Wendy Hall, Halliburton's director of public relations, explains that these liabilities were covered by indemnification agreements and insurance coverage, absolving Halliburton of responsibility for them. It was not until 2001 that these indemnification agreements and insurance coverage fell through, saddling Halliburton with these liabilities, according to Ms. Hall. Halliburton recently established a $4.2 billion trust fund to handle current and future asbestos claims by 400,000 claimants.

"Halliburton follows US GAAP [Generally Accepted Accounting Principles]--our accounting and disclosures are proper for each period presented in our SEC filings," Ms. Hall told SocialFunds.com. "In fact, Halliburton has extensive footnote, MD&A [Management's Discussion and Analysis of Financial Condition and Results of Operations], and risk factor disclosures regarding asbestos and silica matters, probably more in depth than any other registrant."

"It appears the Rose Foundation didn't take the time to read all of our disclosures," Ms. Hall said.

This statement seems to confirm the report's "treasure hunt" point. Mssrs. Little and Lewis cite the 1970 Kohn v. American Metal Climax case that ruled against "burying" facts in explanatory material.

"The Securities Exchange Act requires more than disclosure, it requires adequate disclosure," the ruling states. "The more material the facts, the more they should be brought to the attention of the public."
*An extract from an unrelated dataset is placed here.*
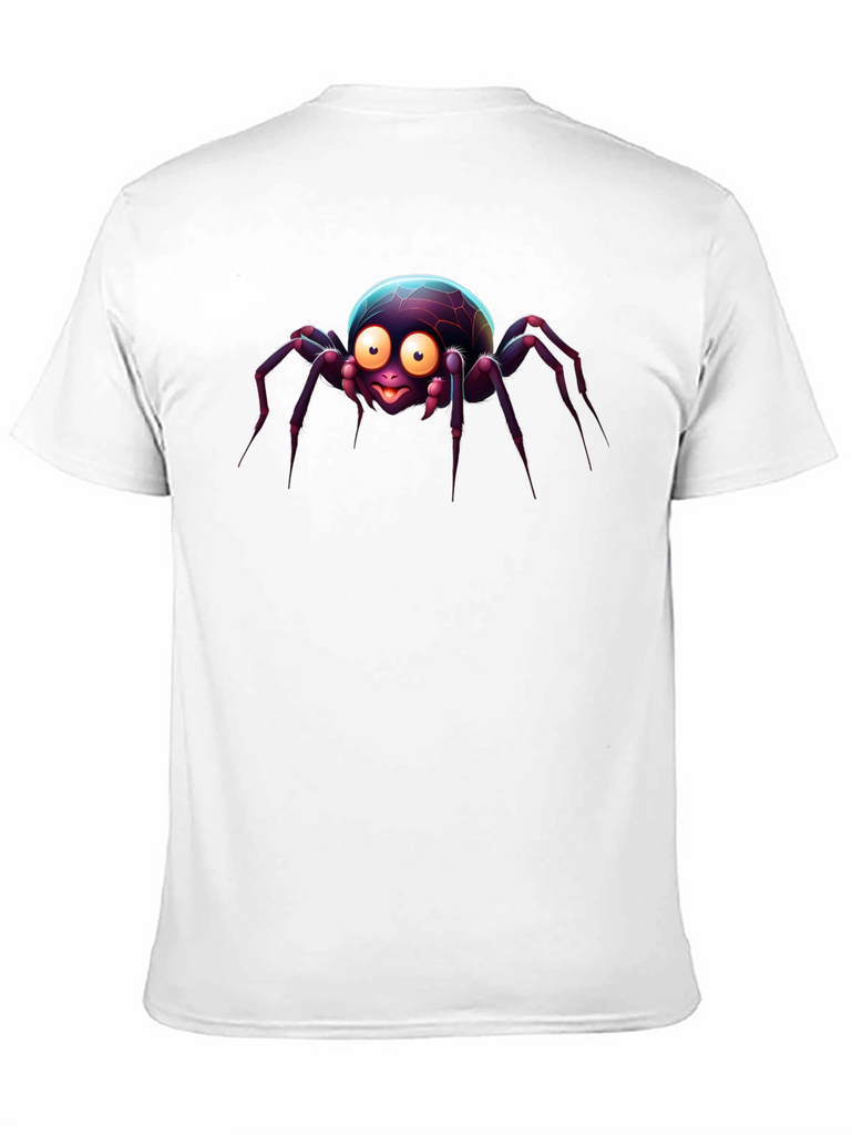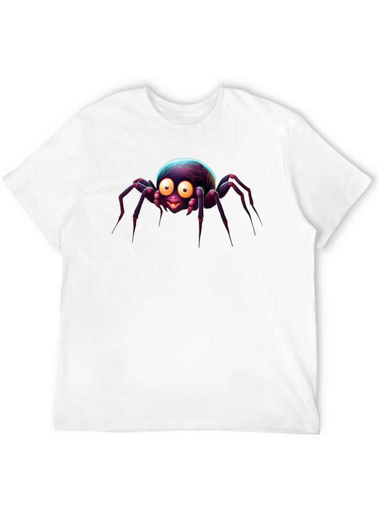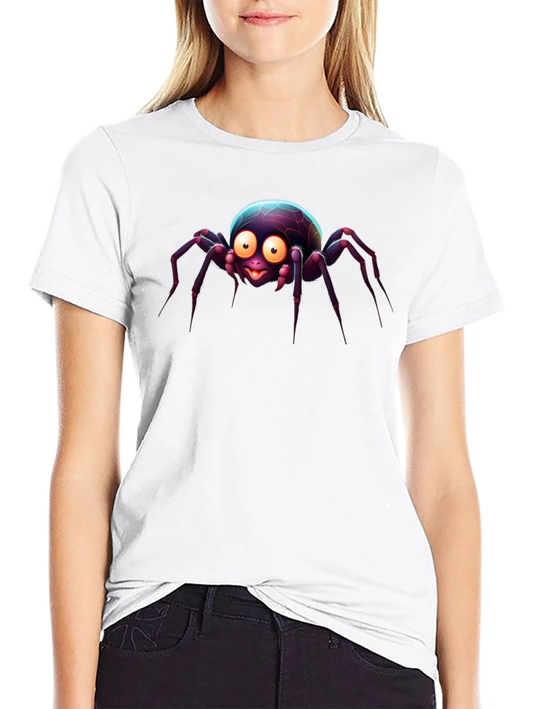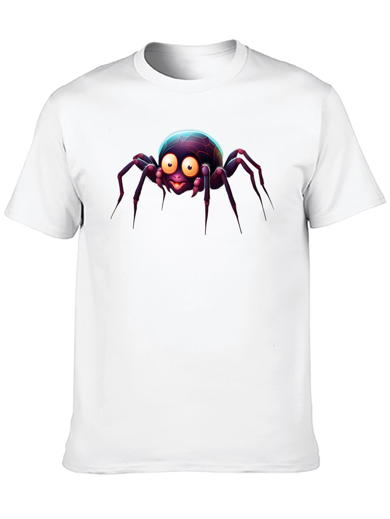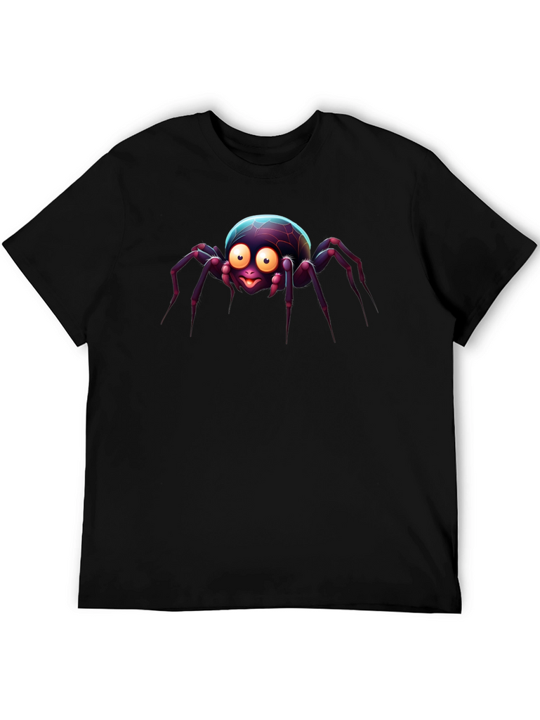 This black t-shirt features a whimsical cartoon spider design. The spider has a purple and blue body, googly eyes, and a playful expression, adding a touch of fun to your wardrobe. Made from comfortable cotton material, this tee is perfect for casual wear. The design is printed with high-quality inks for a vibrant, lasting graphic. Pair this tee with jeans, shorts, or leggings for a standout look. A perfect blend of comfort and playful style, this t-shirt will add a smile to your day. Available in multiple sizes.
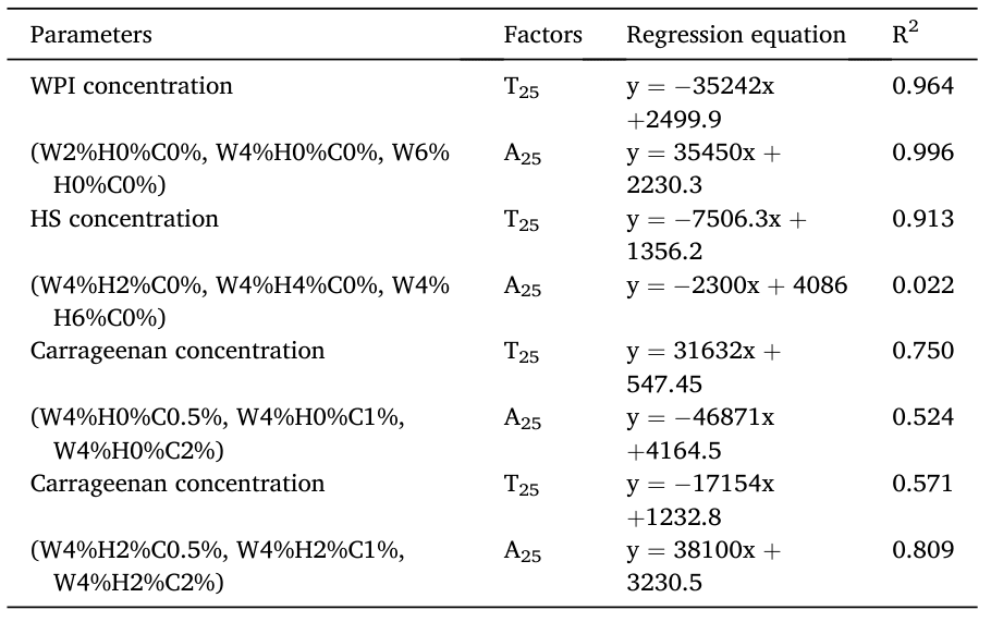 通过分析WPI、HS 和卡拉胶悬浮液浓度与弛豫结果的相关性,如图3,T25为游离水氢质子,A25为总氢质子, WPI、HS和卡拉胶浓度与T25和A25呈现线性关系。

Ms. Hall insists that Halliburton rightly interpreted the asbestos liabilities as immaterial at the time--"no one could have anticipated the change in the asbestos liability environment from 1998 until 2002," she said.

"We're not saying Halliburton committed fraud, and we're not disagreeing that Halliburton followed GAAP--we're saying that you can drive a truck through the gaps in GAAP," Mr. Little told SocialFunds.com.

Ultimately, the burden falls on the SEC to enforce environmental disclosure. However, the GAO's recommendations to the SEC, which include publicly disclosing comment letters to companies on environmental disclosure and better coordination with the Environmental Protection Agency (EPA), seem to fall short of effecting such change.

"The mandate of the [material liabilities disclosure] regulation is clear--it's hard to see how the SEC can avoid fulfilling it," said Steve Lydenberg, chief investment officer of Domini Social Investments, who spoke at the symposium and responded to the GAO survey. "I don't anticipate major changes in corporate reporting before we see some action from the SEC."

"Corporations will need the guidance of SEC comments before they start getting more specific in what they report on the environmental side," Mr. Lydenberg told SocialFunds.com.

Maine Treasurer Dale McCormick, who also spoke at the symposium, agrees.

"The SEC has the authority--it doesn't need to go to rulemaking, it just needs to issue clarification of what it expects the MD&A to contain" on environmental liabilities, Treasurer McCormick told SocialFunds.com. If the SEC does not address the problem of under-disclosure of environmental liabilities, "it will be another instance where the federal government dropped the ball."

"We don't want the SEC to be irrelevant," she concluded.